If a picture appears, leave it out, and reproduce exactly the lines from the start of the listing below through the one bearing "Last move : 0-1".

━━━━━ Provided material ━━━━━

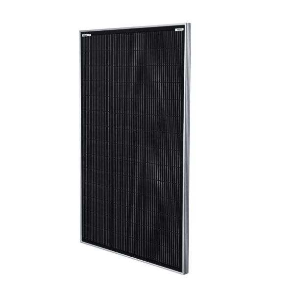 Paneeli on varustettu tyylikkäällä, kokonaan mustalla laminaattitaustaosalla, hopeanvärisellä alumiinikehyksellä ja sen mitat ovat 1070 × 670 × 35 mm. Liitetään helposti MPPT-säädinlaitteeseen optimaalisen lataamisen varmistamiseksi.
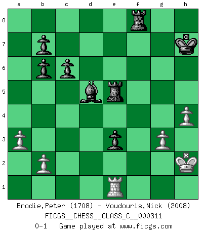 Last move : 0-1 2024 January 5 13:8:25 [Event "FICGS__CHESS__CLASS_C__000311"] [Site "FICGS"] [Date "2023.05.30"] [Round "1"] [White "Brodie,Peter"] [Black "Voudouris,Nick"] [Result "0-1"] [WhiteElo "1708"] [BlackElo "2008"] 1.Nf3 d5 2.d4 e6 3.c4 c6 4.Nc3 f5 5.e3 Bd6 6.c5 Bc7 7.Be2 Nf6 8.O-O O-O 9.g3 Nbd7 10.Ng5 Qe7 11.Bd2 h6 12.Nf3 g5 13.h3 e5 14.dxe5 Nxe5 15.Nxe5 Bxe5 16.f4 gxf4 17.exf4 Bc7 18.Re1 Qxc5+ 19.Kg2 Bb6 20.Rf1 d4 21.Na4 Qe7 22.Re1 Ne4 23.Bf3 Be6 24.Bxe4 fxe4 25.Qh5 Qh7 26.Bb4 Rfd8 27.Be7 Rd5 28.Bg5 e3 29.Re2 hxg5 30.Qxh7+ Kxh7 31.Nxb6 axb6 32.fxg5 Rxg5 33.h4 Bd5+ 34.Kh2 Re5 35.a3 d3 36.R2e1 d2 37.Rad1 dxe1Q 38.Rxe1 Rf8 0-1 Follow this game move after move (download)Chess is the art of analysis. (Mikhail Botvinnik) Wir irren allesamt, nur jeder irrt anders. (Georg Christoph Lichtenberg) Al jugar al Ajedrez entonces, podemos aprender: Primero: Previsión... Segundo: Prudencia... Tercero: Cautela... Y al final, aprendemos del Ajedrez el hábito de no ser desanimados por apariencias malas presentes en el estado de nuestros asuntos, el hábito de la esperanza por una oportunidad favorable y la perseveración de los secretos de los recursos. (Benjamin Franklin) La guerre est enfant de la passion, la passion est enfant du narcissisme et le narcissisme est l'enfant. (...) Une autre partie ? (Thibault de Vassal) There is no vagueness without wind. (Chinese proverb)
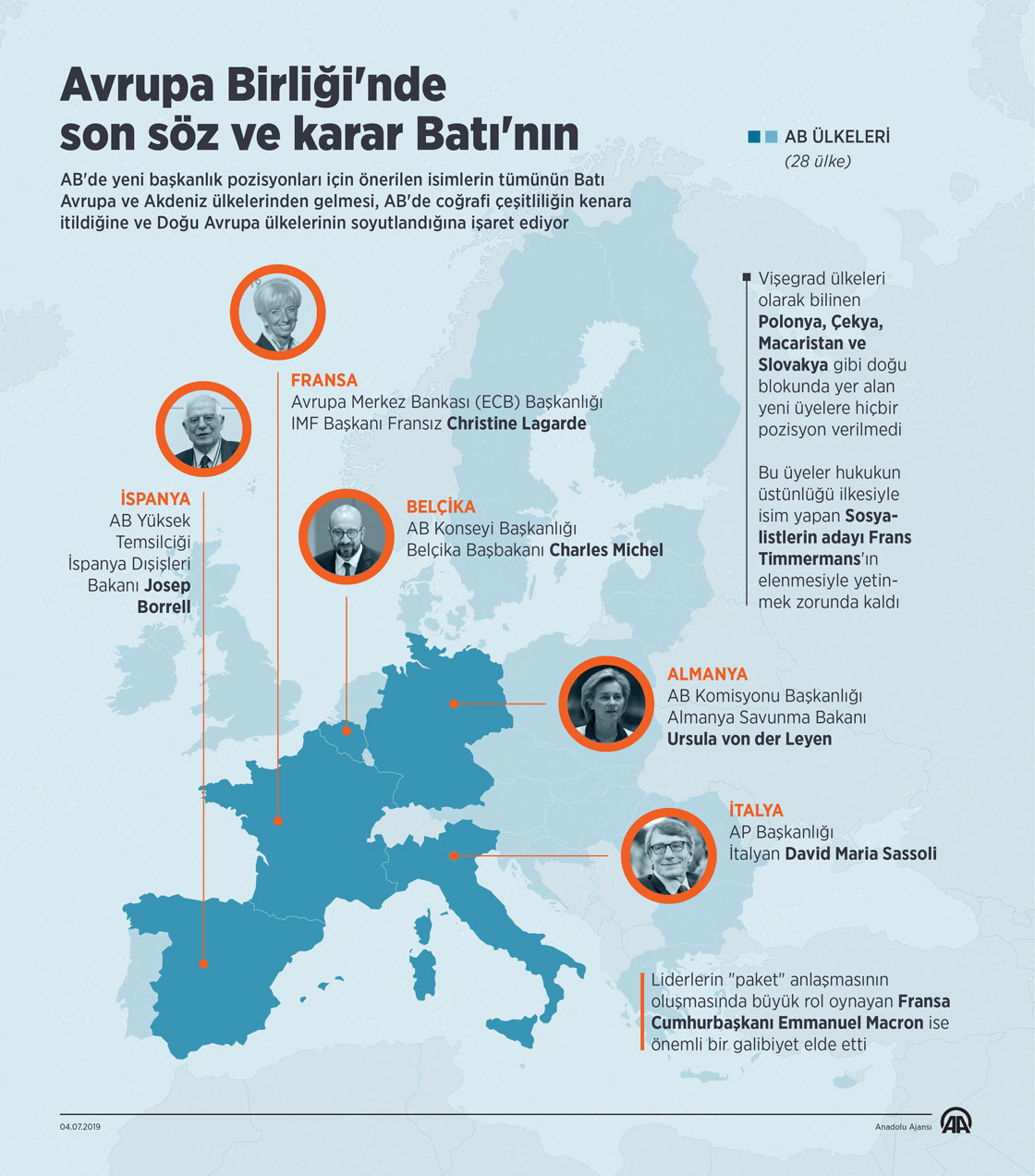 Avrupa Birliği'nin (AB) temel kurumlarının başkanlıklarına atanan isimlerin yoğunluklu Batı Avrupa ve Akdeniz ülkelerinden gelmesi, AB'de coğrafi çeşitliliğin ikinci plana atıldığına ve Doğu ile Batı bloku arasındaki ayrışmanın derinleştiğine işaret ediyor. ( Ahmet Burak Özkan - Anadolu Ajansı )04 Temmuz 2019•Güncelleme: 04 Temmuz 2019

━━━━━

# [Solution to the problem]
 Paneeli on varustettu tyylikkäällä, kokonaan mustalla laminaattitaustaosalla, hopeanvärisellä alumiinikehyksellä ja sen mitat ovat 1070 × 670 × 35 mm. Liitetään helposti MPPT-säädinlaitteeseen optimaalisen lataamisen varmistamiseksi.
 Last move : 0-1 2024 January 5 13:8:25 [Event "FICGS__CHESS__CLASS_C__000311"] [Site "FICGS"] [Date "2023.05.30"] [Round "1"] [White "Brodie,Peter"] [Black "Voudouris,Nick"] [Result "0-1"] [WhiteElo "1708"] [BlackElo "2008"] 1.Nf3 d5 2.d4 e6 3.c4 c6 4.Nc3 f5 5.e3 Bd6 6.c5 Bc7 7.Be2 Nf6 8.O-O O-O 9.g3 Nbd7 10.Ng5 Qe7 11.Bd2 h6 12.Nf3 g5 13.h3 e5 14.dxe5 Nxe5 15.Nxe5 Bxe5 16.f4 gxf4 17.exf4 Bc7 18.Re1 Qxc5+ 19.Kg2 Bb6 20.Rf1 d4 21.Na4 Qe7 22.Re1 Ne4 23.Bf3 Be6 24.Bxe4 fxe4 25.Qh5 Qh7 26.Bb4 Rfd8 27.Be7 Rd5 28.Bg5 e3 29.Re2 hxg5 30.Qxh7+ Kxh7 31.Nxb6 axb6 32.fxg5 Rxg5 33.h4 Bd5+ 34.Kh2 Re5 35.a3 d3 36.R2e1 d2 37.Rad1 dxe1Q 38.Rxe1 Rf8 0-1 Follow this game move after move (download)Chess is the art of analysis. (Mikhail Botvinnik) Wir irren allesamt, nur jeder irrt anders. (Georg Christoph Lichtenberg) Al jugar al Ajedrez entonces, podemos aprender: Primero: Previsión... Segundo: Prudencia... Tercero: Cautela... Y al final, aprendemos del Ajedrez el hábito de no ser desanimados por apariencias malas presentes en el estado de nuestros asuntos, el hábito de la esperanza por una oportunidad favorable y la perseveración de los secretos de los recursos. (Benjamin Franklin) La guerre est enfant de la passion, la passion est enfant du narcissisme et le narcissisme est l'enfant. (...) Une autre partie ? (Thibault de Vassal) There is no vagueness without wind. (Chinese proverb)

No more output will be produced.